The United Nations Calls for More Control of Surveillance Technology

The United Nations expressed concern on Monday about claims that numerous nations were using Israeli phone malware to spy on activists, journalists, and others, highlighting the urgent need for greater surveillance technology regulation.

According to UN Human Rights Chief Michelle Bachelet, the disclosures about the Pegasus spyware affirm the urgent need to better control the sale, transfer, and use of surveillance technology and provide stringent oversight and authorization.

A joint investigation by The Washington Post, The Guardian, Le Monde, and other news organizations revealed that the malware developed by Israel’s NSO Group, which is capable of turning on a phone’s camera or microphone and harvesting its data, could be used for far more extensive spying than previously thought.

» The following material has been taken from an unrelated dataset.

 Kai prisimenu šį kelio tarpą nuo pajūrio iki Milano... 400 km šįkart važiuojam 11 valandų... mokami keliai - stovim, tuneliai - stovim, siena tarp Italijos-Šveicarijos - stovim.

The revelations, according to Bachelet, are “very disturbing” and They appear to corroborate some of the worst suspicions about the potential misuse of surveillance technology. She noted that the UN has previously warned about the dangers of authorities employing surveillance capabilities to hack genuine journalists, activists, and political opponents’ phones and computers in the name of public safety. She also cautioned that widespread adoption of such tools could lead to self-censorship.

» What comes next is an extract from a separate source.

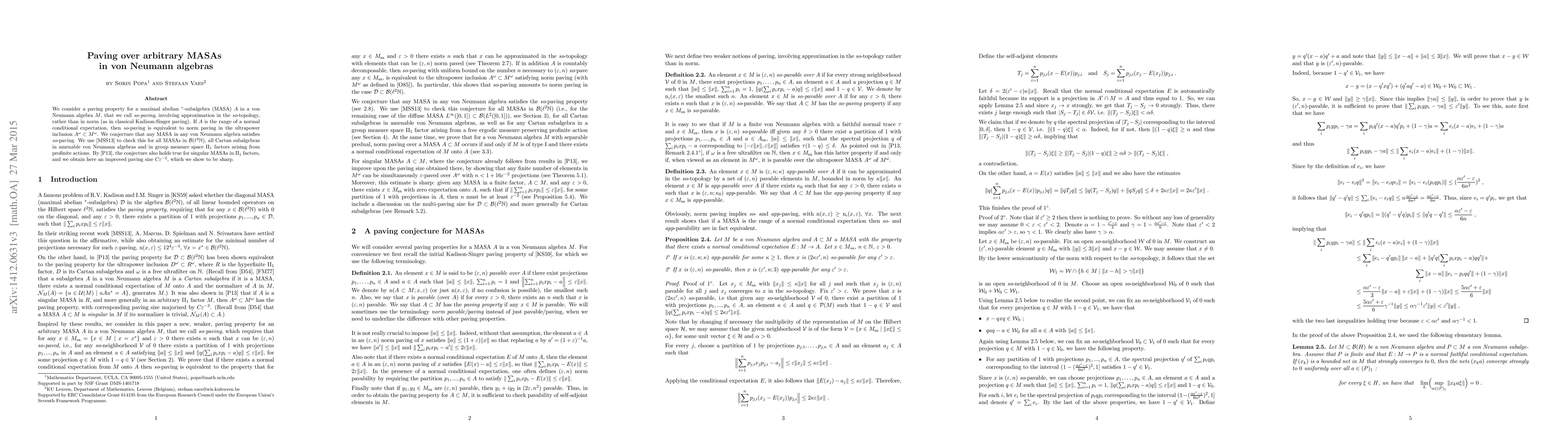 This paper explores a new paving property for maximal abelian *-subalgebras (MASAs) in von Neumann algebras called so-paving, which involves approximation in the so-topology. The authors conjecture that any MASA satisfies so-paving and provide evidence supporting this for specific classes of MASAs, improving the paving size to $C\varepsilon^{-2}$ and proving its sharpness.

Surveillance methods can only be authorized “in carefully defined circumstances, with a legitimate objective” such as “investigations into severe crimes and grave security risks,” according to the UN High Commissioner for Human Rights. If the current charges about the use of Pegasus are even partially true, that red line has been violated numerous times with complete impunity.

Companies who develop and distribute surveillance technologies, according to Bachelet, should verify that their products are not used to violate human rights. She also stated that states should put an end to monitoring that breaches human rights and protect individuals from businesses that abuse their right to privacy, including through the regulation of spying technologies.